Photo by Curt Yeomans
Approximately 150 fans of the Georgia Archives gathered at the state Capitol in Atlanta Wednesday for a "Support the Archives" rally.
ATLANTA — Annette McEachin said her ancestors would be “turning over in their graves” if they knew that Georgia planned to close its archives to public access next month.
McEachin, from Marietta, said she is descended from Austrians who came to Georgia in 1734, a year after James Oglethorpe founded the future state as a colony for the British crown. Much of what she knows about her family’s involvement in the earliest years of Georgia’s existence comes from records found in the Georgia Archives’ holdings, she said.
Those records have told her where her ancestors came from and what they endured, including disease and war, after they arrival in Georgia.
“If they knew there’d be no access to the records of what they went through, they’d be turning over in their graves,” said McEachin.
McEachin, a member of the Genealogy Society of Cobb County, was one of approximately 150 people who attended a “Save the Archives” rally Wednesday outside Gov. Nathan Deal’s office at the state Capitol.
Secretary of State Brian Kemp announced last month that he will close the Morrow-based archives — except to people who scheduled private appointments in advance — to meet a mandate from Deal to cut three percent of his office’s budget. The move was expected to save the state $733,000.
If the Georgia Archives closes its doors Nov. 1, as planned, Georgia will become the only state whose archives is not open to public access.
The key issue for supporters is the loss of access to historical records that can be used for academic and genealogical research.
“Once you get into genealogy, it’s a disease you don’t ever recover from,” said McDonough resident Carole Roach, who attended the rally dressed as a colonial soldier.
Deal promised to keep the archives open two weeks ago, during a meeting with archives supporters. He has not said how he will fund that promise, and Kemp has said the governor and state legislators will need to provide him with a funding source.
“It’s important to point out the $733,000 that will be saved from closing the archives is less than half the annual operating costs of the state’s Go Fish Museum,” said University of Georgia professor Jim Cobb, in reference to the state’s controversial fishing museum in Perry.

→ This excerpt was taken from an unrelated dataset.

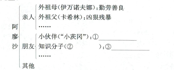 (2)《童年》里人物众多,厘清人物关系能帮助我们更好地了解阿廖沙的成长历程,请将下面的人物关系图补充完整。

The museum, a pet project of former Gov. Sonny Perdue when he was in office, cost the state millions to build and operate.
Area leaders pledge support
During Wednesday’s rally, State Sen. Gail Davenport (D-Jonesboro) and Morrow Mayor Joseph “J.B.” Burke pledged to do what they could to fight for the archives — since it is in their backyards.
“We cannot be the only state in the country to not have a state archives,” said Davenport, who called the archives a “treasure.”
Burke added, “We’re going to keep the archives open.”
Other local dignitaries at the rally included former state Sen. Gail Buckner, Morrow City Councilwoman Jeanell Bridges, Morrow police Chief Chris Leighty and Morrow Business and Tourism Association President Mike Twomey.
No one from Clayton County government, including its economic development department — which wants to use the location of the state and national archives to attract genealogy-based businesses to the county — was present, however. The Clayton County Board of Commissioners has so far been publicly quiet on the archives issue since the closure was announced.
“That really disappoints me,” said Jonesboro resident Joyce Patton, the second vice-regent for the Daughters of the American Revolution’s Georgia State Society. “They should be here.”
A cornucopia of backing
The issue has brought together a variety of groups and individuals, including a professor from the University of Georgia, former Congressman and Presidential candidate Bob Barr, sitting state representatives and senators, the Daughters of the American Revolution, the Friends of the Georgia Archives, and several other civic, historical and genealogical groups.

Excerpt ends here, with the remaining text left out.